**Action item:**
Go to the line containing "In Cornucopia Ewing" in the material below. From there to the end, retype every line exactly and drop the pictures.

**Recorded information:**
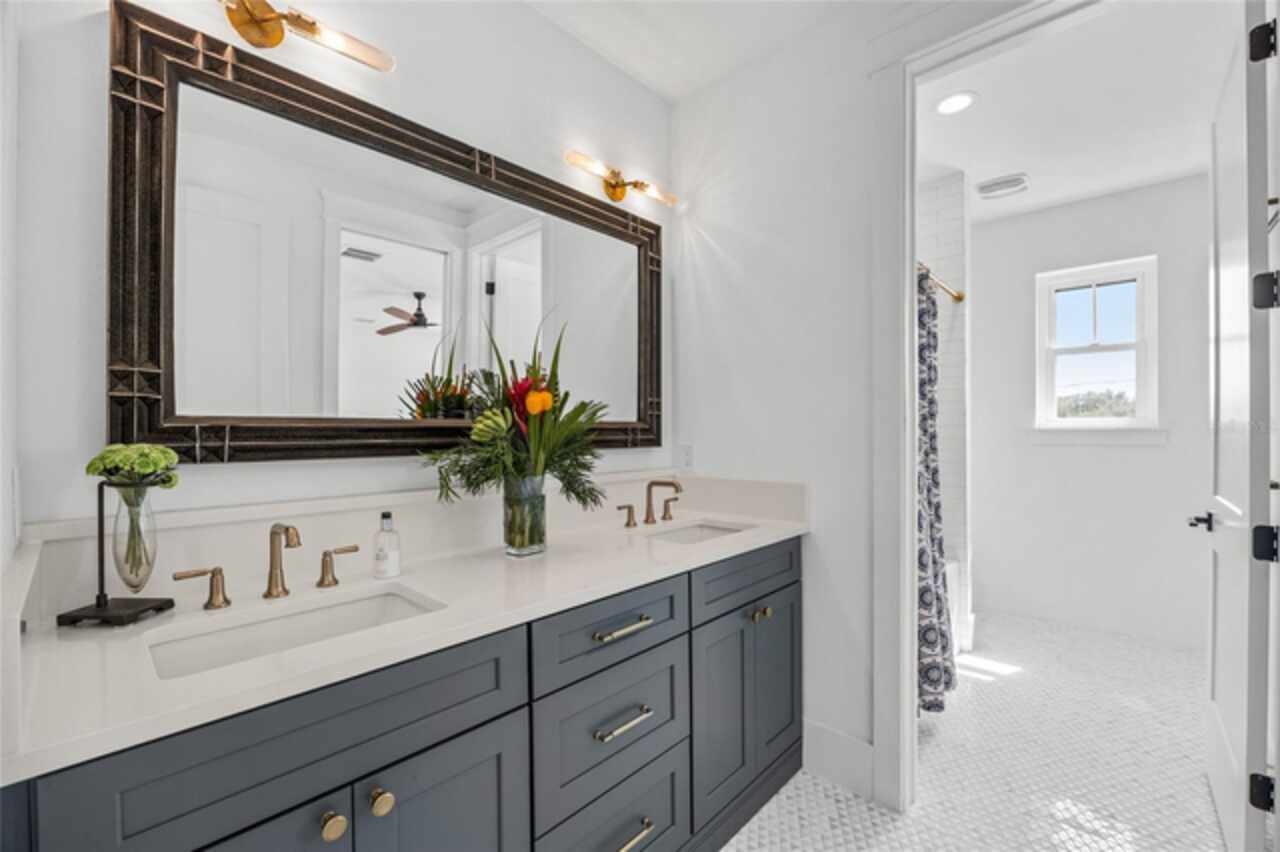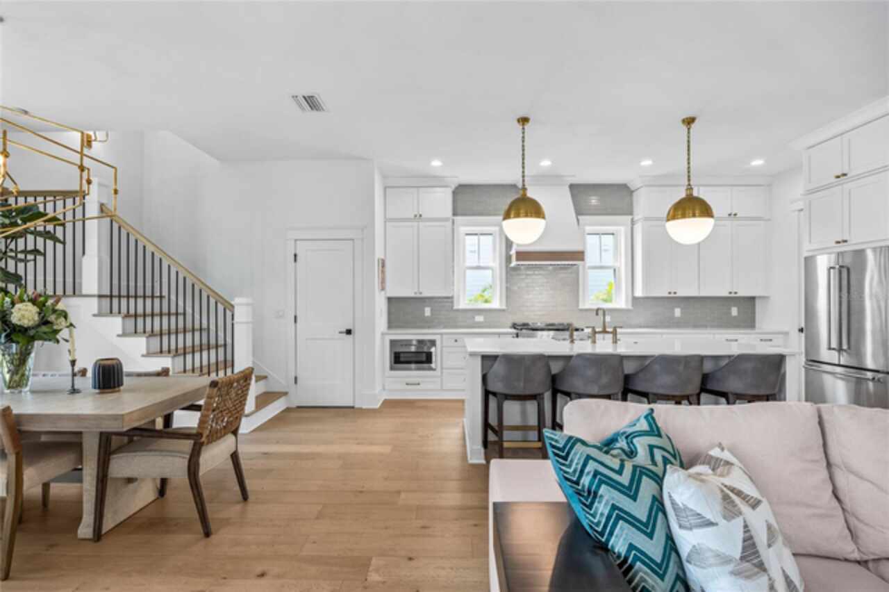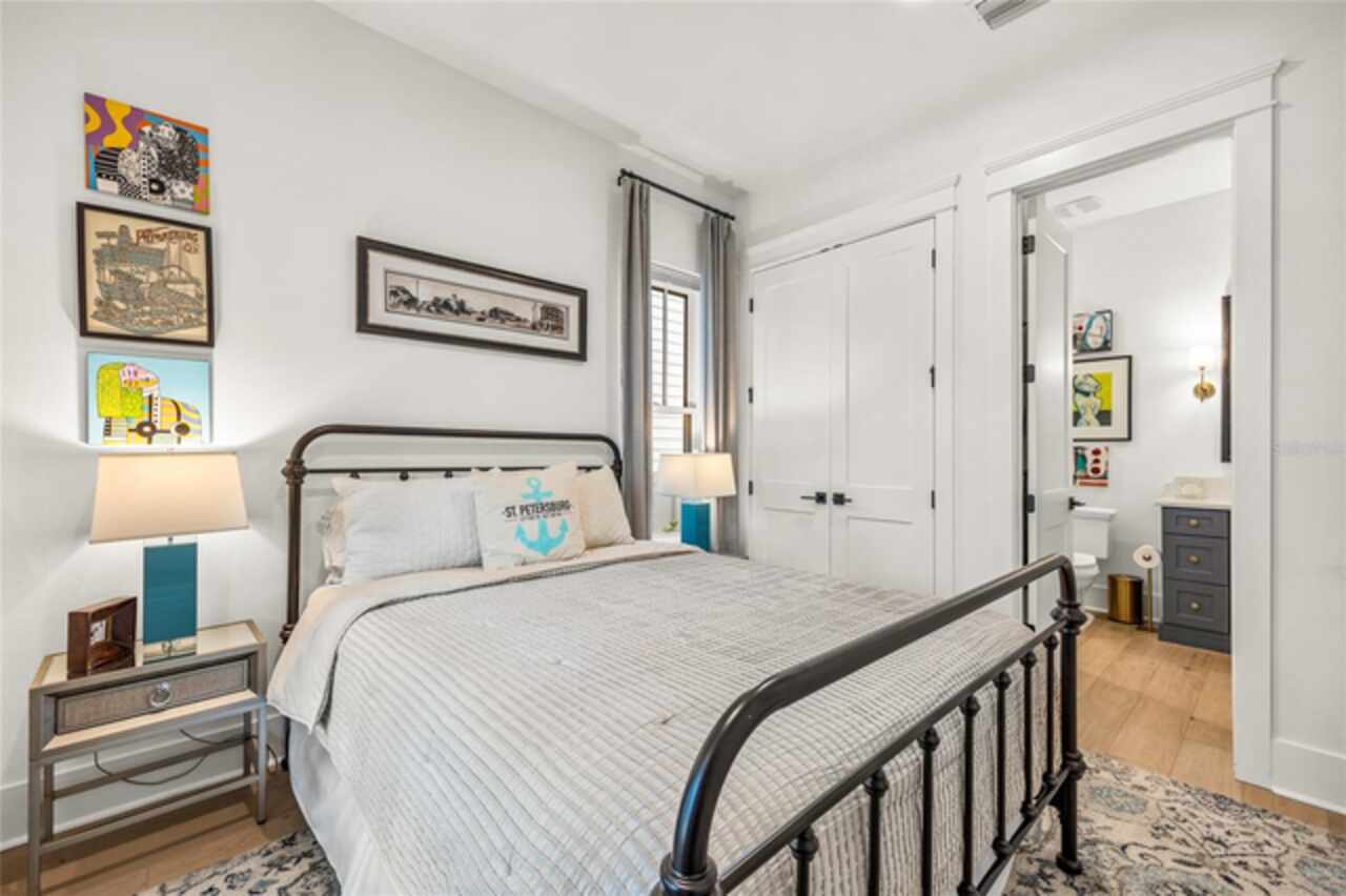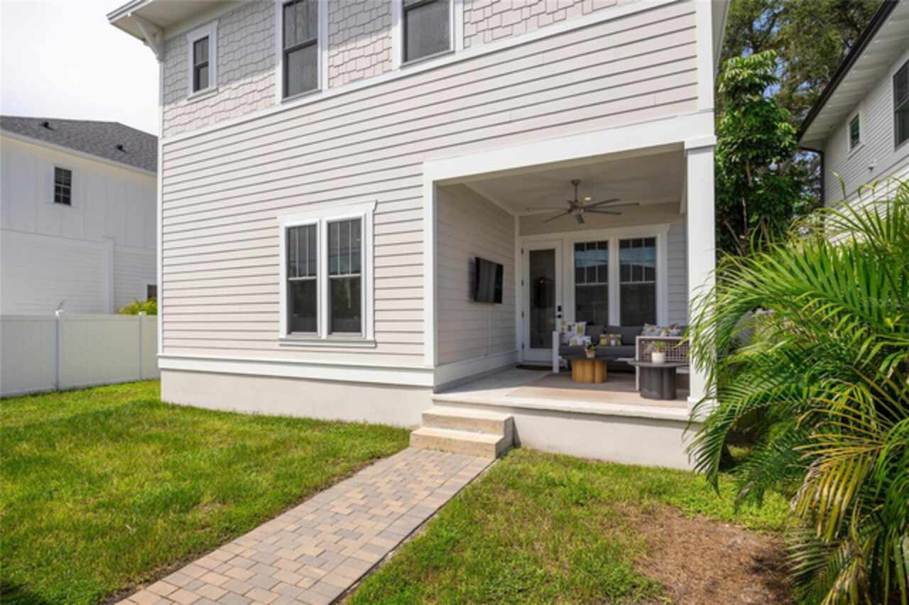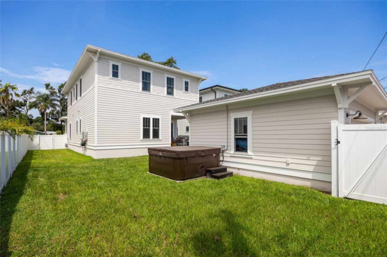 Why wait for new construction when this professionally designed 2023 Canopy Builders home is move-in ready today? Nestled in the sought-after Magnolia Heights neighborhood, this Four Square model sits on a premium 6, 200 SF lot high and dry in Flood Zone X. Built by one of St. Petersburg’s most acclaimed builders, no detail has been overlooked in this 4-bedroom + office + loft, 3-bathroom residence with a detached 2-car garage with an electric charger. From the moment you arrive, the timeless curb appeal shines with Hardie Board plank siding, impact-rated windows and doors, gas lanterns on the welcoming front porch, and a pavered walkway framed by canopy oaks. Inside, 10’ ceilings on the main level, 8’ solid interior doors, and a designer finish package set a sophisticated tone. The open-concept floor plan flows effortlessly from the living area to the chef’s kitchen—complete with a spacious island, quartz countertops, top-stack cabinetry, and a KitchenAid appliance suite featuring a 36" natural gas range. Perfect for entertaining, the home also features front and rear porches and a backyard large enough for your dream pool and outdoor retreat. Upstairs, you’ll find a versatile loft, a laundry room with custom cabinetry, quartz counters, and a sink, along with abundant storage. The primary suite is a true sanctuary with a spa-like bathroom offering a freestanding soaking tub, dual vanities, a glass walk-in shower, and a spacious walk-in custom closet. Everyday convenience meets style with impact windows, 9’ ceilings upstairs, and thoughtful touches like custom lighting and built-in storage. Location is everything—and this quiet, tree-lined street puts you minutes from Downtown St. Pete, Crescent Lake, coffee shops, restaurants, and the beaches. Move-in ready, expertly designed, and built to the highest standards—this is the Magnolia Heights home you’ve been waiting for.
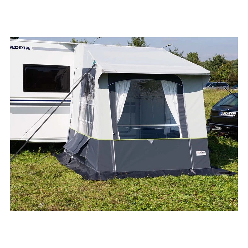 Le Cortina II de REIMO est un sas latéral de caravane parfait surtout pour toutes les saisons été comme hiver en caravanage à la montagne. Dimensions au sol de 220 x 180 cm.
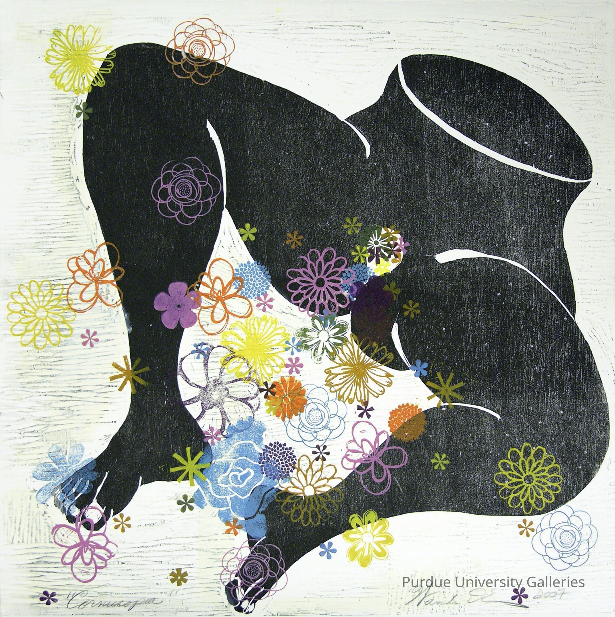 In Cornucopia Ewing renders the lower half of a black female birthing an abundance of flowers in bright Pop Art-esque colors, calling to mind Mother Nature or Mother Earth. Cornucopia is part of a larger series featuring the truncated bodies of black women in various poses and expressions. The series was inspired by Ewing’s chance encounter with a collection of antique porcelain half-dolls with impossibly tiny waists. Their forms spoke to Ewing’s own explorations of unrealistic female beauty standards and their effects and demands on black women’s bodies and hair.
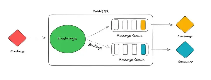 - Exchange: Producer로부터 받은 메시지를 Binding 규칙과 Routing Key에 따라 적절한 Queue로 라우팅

**Solution to the exercise:**
 In Cornucopia Ewing renders the lower half of a black female birthing an abundance of flowers in bright Pop Art-esque colors, calling to mind Mother Nature or Mother Earth. Cornucopia is part of a larger series featuring the truncated bodies of black women in various poses and expressions. The series was inspired by Ewing’s chance encounter with a collection of antique porcelain half-dolls with impossibly tiny waists. Their forms spoke to Ewing’s own explorations of unrealistic female beauty standards and their effects and demands on black women’s bodies and hair.
 - Exchange: Producer로부터 받은 메시지를 Binding 규칙과 Routing Key에 따라 적절한 Queue로 라우팅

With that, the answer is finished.